Metric	Value	Context/Date
Net Product Sales (VYKAT XR)	$66.0 million	Three months ended September 30, 2025
Sequential Revenue Growth (Q2 to Q3 2025)	More than 100% increase	From $32.7 million in Q2 2025
Gross Profit Margin	98.1%	Q3 2025
Active Patients on Drug	764	As of September 30, 2025
Total Lives Covered by Insurance	Over 132 million	As of September 30, 2025
Cost of Goods Sold (COGS)	$1.1 million	Three months ended September 30, 2025

Beyond the immediate sales, the business model includes provisions for Potential future milestone payments from ex-U.S. licensing deals, though the current financial reporting reflects domestic sales milestones tied to the original Essentialis merger. Soleno Therapeutics carries a liability for contingent consideration payable upon achieving two commercial sales milestones of $100 million and $200 million in cumulative revenue. As of September 30, 2025, the fair value of this liability was estimated at $19.5 million. The total maximum cash payments obligated under this structure is up to $21.2 million, which you should track as a potential future cash outlay, even if the initial trigger events were based on U.S. sales performance.

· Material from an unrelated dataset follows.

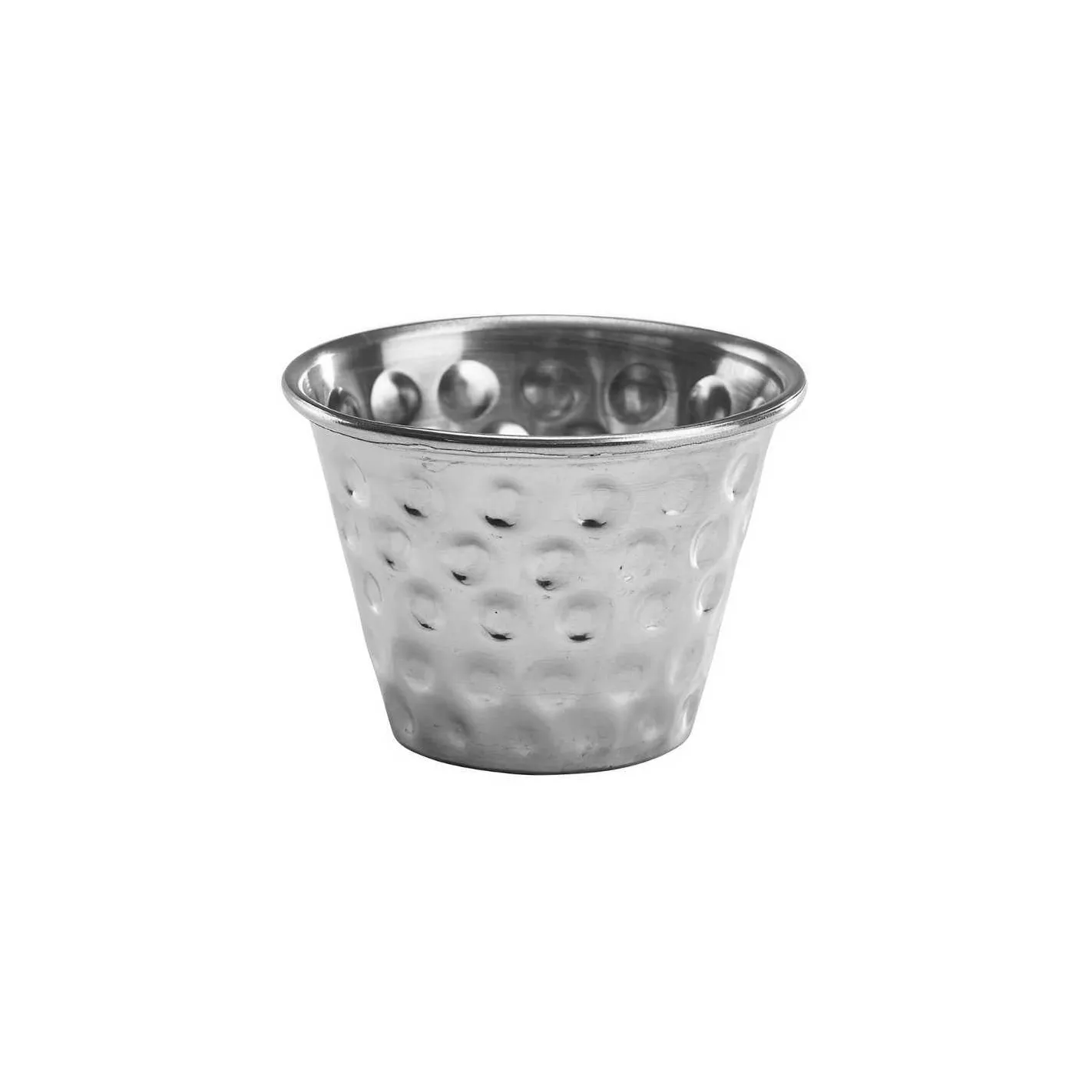 Siempre tenga tazas de salsa a mano para que pueda entregar los artículos secundarios al pedido de su cliente, las tazas de salsa son ideales para cualquier condimento o para probar muestras, esta taza de salsa está hecha de acero inoxidable y cuenta con un acabado martillado.

Looking forward, the revenue potential extends to Future revenue from VYKAT XR in other rare genetic obesities. While no specific financial projections for these indications are public right now, the company's stated belief is that VYKAT XR has the potential to become a foundational therapy. This suggests a pipeline of future revenue streams contingent on successful development and regulatory approvals in adjacent markets. The current cash position of $556.1 million as of the end of Q3 2025, which includes $230 million from a July 2025 stock offering, is intended to fund the ongoing U.S. launch and support these future business activities.

• Primary revenue driver: VYKAT XR net sales in the U.S. PWS market.
• Q3 2025 Net Income: $26.0 million, marking profitability.
• Cash generated from operations in Q3 2025: $43.5 million.
• Contingent consideration liability fair value: $19.5 million as of September 30, 2025.
• Future revenue hinges on expanding indications beyond PWS.